# Fiat front grille badge



## Nelson750FML (Jan 17, 2008)

Some low life has stolen the Fiat badge off the front grille. 2006 Ducato. any ideas where to get one ? There's plenty on ebay but they are for the later model.


----------



## Imbiber (May 11, 2007)

I contacted the guy's at Camper UK. Gave them my chassis number and they were able to source one from Fiat.

Just looked online though and these guy's have a few that may suit?

Fiat Dealer Parts


----------



## nicholsong (May 26, 2009)

Our MH being an 'A' Class we do not have a Fiat badge - and I am very pleased! :laugh::laugh:


----------



## Pudsey_Bear (Sep 25, 2008)

Sikaflex the bugger on when you get one.


----------



## Blizzard (Sep 21, 2009)

Kev_n_Liz said:


> Sikaflex the bugger on when you get one.


It would definitely make it harder to remove, but the little scroats would cause a lot more damage to the surrounding area, if their efforts are determined enough.
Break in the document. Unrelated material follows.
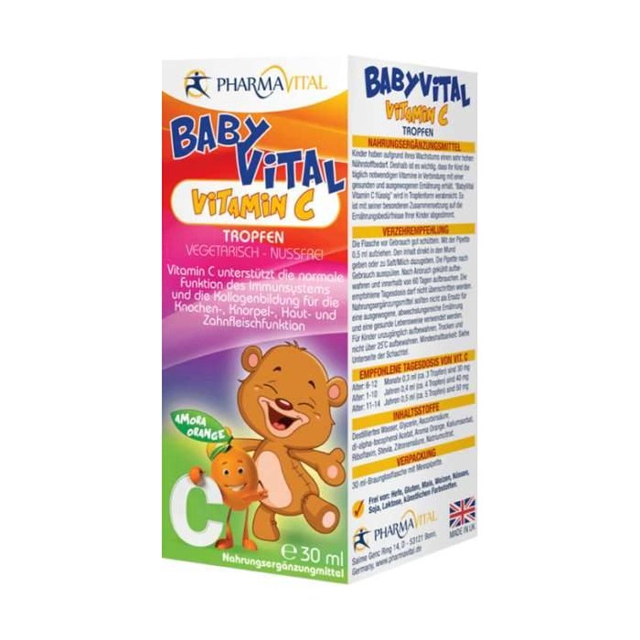 Djeca imaju vrlo visoke prehrambene potrebe u odnosu na njihov rast. Važno je da vaše dijete svakodnevno prima bitne vitamine zajedno sa zdravom i uravnoteženom prehranom. Tekuće kapi za bebe Vitamin C posebno su formulirane kako bi zadovoljile prehrambene potrebe vaše djece.

Then again, it would leave them vulnerable for longer, while you sneak up from behind.

Decision decision :wink2:


----------



## Nelson750FML (Jan 17, 2008)

Imbiber said:


> I contacted the guy's at Camper UK. Gave them my chassis number and they were able to source one from Fiat.
> 
> Just looked online though and these guy's have a few that may suit?
> 
> Fiat Dealer Parts


Thanks for the link. I'll give them a try. Regards


----------



## TheNomad (Aug 12, 2013)

When you source a replacement, maybe just don't fit it until you want to sell the van..........


----------